涼佑とオスカーが部屋に入ると、副団長のメルヴィルと、数名の騎士が捜査をしていた。
メルヴィルは闘技場でオスカーに暴言を吐いたとは思えない程、凛とした態度でオスカーに向かって敬礼をする。涼佑にも恭しく一礼した。
「副団長、あの方は?」
「信頼出来る者です。
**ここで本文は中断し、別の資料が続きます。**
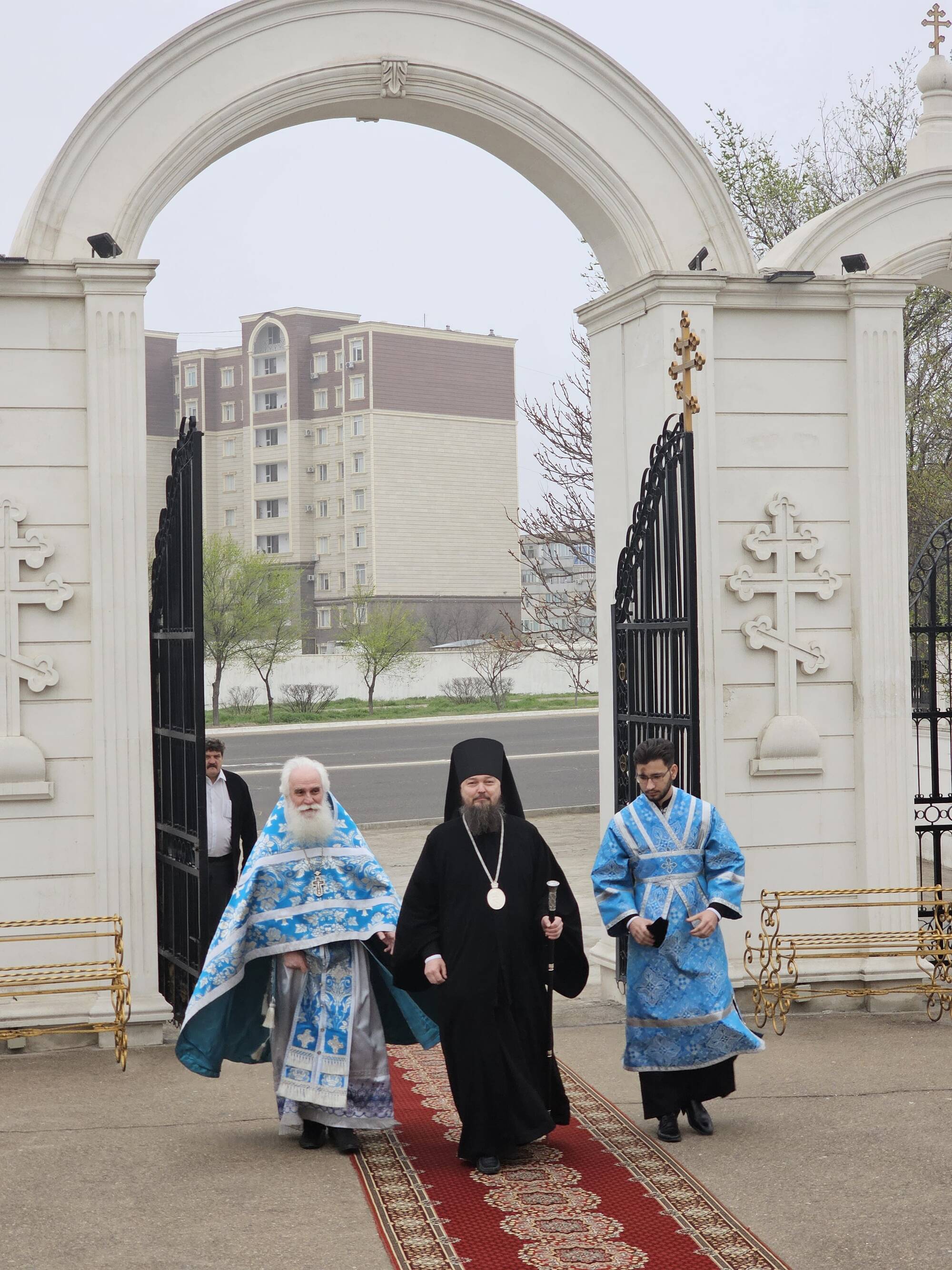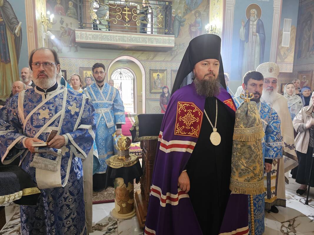 Его Преосвященству сослужили: настоятель кафедрального собора Михаила Архангела г.Уральска архимандрит Феодосий (Курьянов); ключарь кафедрального Свято-Успенского собора г.Атырау иеромонах Варфоломей (Мостовщиков); настоятель Благовещенского храма г.Актау протоиерей Сергий Понич; клирик Благовещенского храма г.Актау иерей Михаил Соколов; клирик кафедрального собора Христа Спасителя г.Уральска протодиакон Иоанн Рошка, клирик кафедрального собора Михаила Архангела г.Уральска иеродиакон Арсений (Рыбальченко).

彼をここで見た事は、決して口外しないように」
メルヴィルの言葉に、騎士たちは姿勢を正し涼佑に向かって敬礼をする。涼佑も一礼し、話の分かるメルヴィルに口の端を上げた。
「執務室他、この数日間に陛下が使用された場所からは物的証拠は発見されませんでした。赤の騎士からの報告では、銀食器の変色も認められず。ですが念のため、厨房と配膳、毒味役を捕縛しているとの事です」
端的に状況を説明され、涼佑は一度室内を見渡す。
騎士たちに敵意はない。この部屋の近くに敵意を持つ者もいない。
確認を終え、涼佑は口を開いた。
「捕縛の必要はありません。犯人は、彼らではありませんので」
「リョウスケ殿には、心当たりがあられるのですか」
「はい。犯人は、王弟陛下のご子息です」
「っ……まさか、あのお方が?」
メルヴィルが目を見開く。騎士たちも動きを止め、驚愕の表情で涼佑を見据えた。
「そんなに驚かなくても。その可能性を、あなた方なら考えていたのでは?」
赤と青の騎士たちが物証が何もないと言うのなら、簡単には調べられない人物が関与している可能性を一番に考えるはず。
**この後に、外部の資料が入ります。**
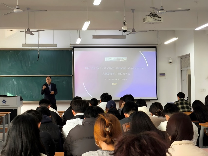 2025年11月14日至15日,我院分别在燕山和圣井校区成功举办《大数据与商业模式创新》国际课程。本次课程由副院长刘政敏主持,特邀美国威斯康星大学奥克莱尔分校(University of Wisconsin–Eau Claire)商学院商业通信与信息系统教授张瑞东主讲,面向2025级研究生、2023级和2024级大数据管理与应用(金融大数据)卓越创新班学生开设。
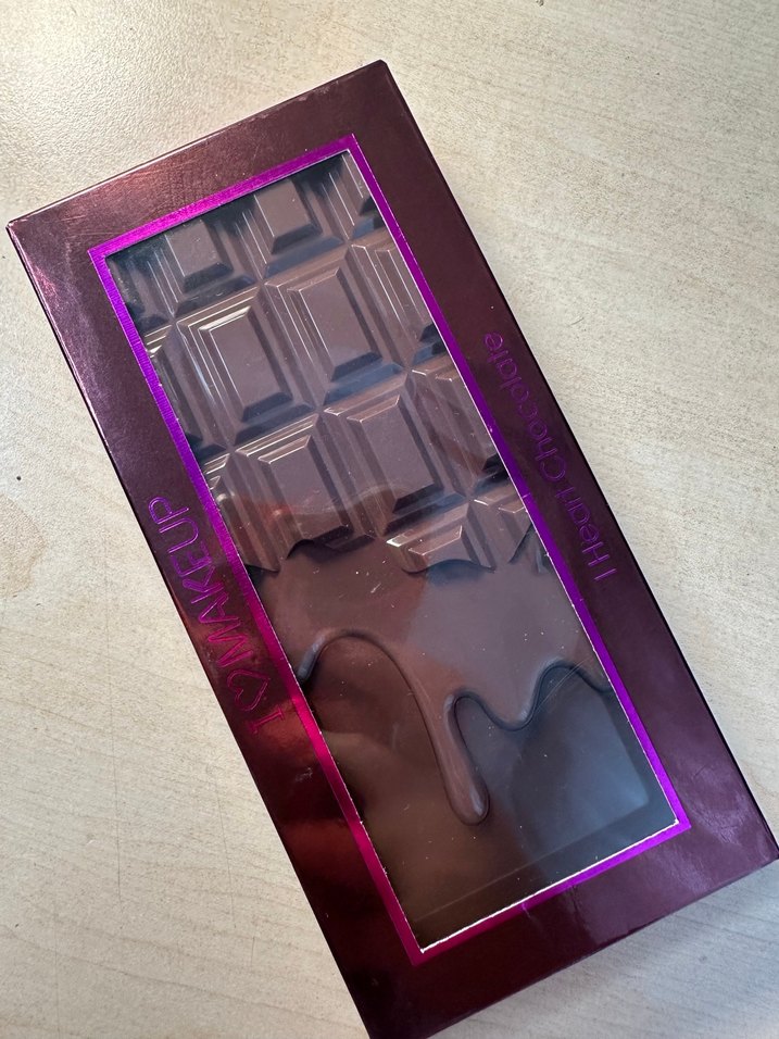 Mor tonlarında koyu renkler içeren, çikolata barı tasarımlı göz farı paleti.

それが、テオドールの寝室の外にいた少年。ここへ来るまでにオスカーに訊ねると、王国の東側を治める王弟陛下の三番目の子息だと言った。
テオドールを父のように慕っており、心配で離れないのだろうと。
「仲の良い王弟陛下のご子息からの贈り物なら、誰もチェックせずに渡せますよね?」
「では、贈り物の宝石が?」
「いえ、それはカモフラージュです。もしそれに毒が仕込まれていたなら、犯人と協力者によって既に回収されているはずですから」
騎士たちが確認に行った、執務机の上の豪華な箱がそれだろう。
よっぽどの馬鹿でなければ、こうして証拠を置いたままにする筈がない。
「毒を盛られた現場も、ここではありません」
「ここでないなら何処だ?」
「先に毒の話をしますね」
オスカーを軽くあしらい、何やら毒に興味津々の様子を見せるメルヴィルへと視線を向ける。
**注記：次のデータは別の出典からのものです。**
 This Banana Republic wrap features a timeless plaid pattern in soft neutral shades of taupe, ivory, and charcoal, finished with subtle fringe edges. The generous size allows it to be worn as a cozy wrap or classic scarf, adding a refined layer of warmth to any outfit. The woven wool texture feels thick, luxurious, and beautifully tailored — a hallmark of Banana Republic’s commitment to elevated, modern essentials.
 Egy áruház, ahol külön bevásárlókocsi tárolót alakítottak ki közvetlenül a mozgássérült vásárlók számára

「陛下のあの症状で既存の解毒剤が効かないなら、おそらく最近開発された希少価値の高い毒物でしょう。証拠が見つからないのは、揮発性だからです。ある種の毒は少量なら空気中に霧散し、時間と共に無毒化されます」
無毒化される。それが希少価値の理由だ。
「対象が吸い込む程度に仕込み渡してすぐに離れれば、渡した本人に影響はない。刺激臭もなく、百合に良く似た香りのする、厄介な代物ですよ」
この部屋に飾られているのは薔薇の花。つまり、現場はここではない。
「贈り物の百合なら、品質を保つために直前まで魔法石で冷やしておいても不自然ではないですよね?」
一定の温度下でしか揮発しないその毒物を仕込み、直前に取り出して渡すだけ。
箱は協力者が一度持ち帰り、無毒化した頃にやはり持ち帰るには邪魔になるとでも言ってゴミに出してしまえば良い。早ければ今頃は焼却炉の中だ。
良い香りのする百合だと仲の良い甥に言われれば、テオドールは顔を近付け香りを嗅いだだろう。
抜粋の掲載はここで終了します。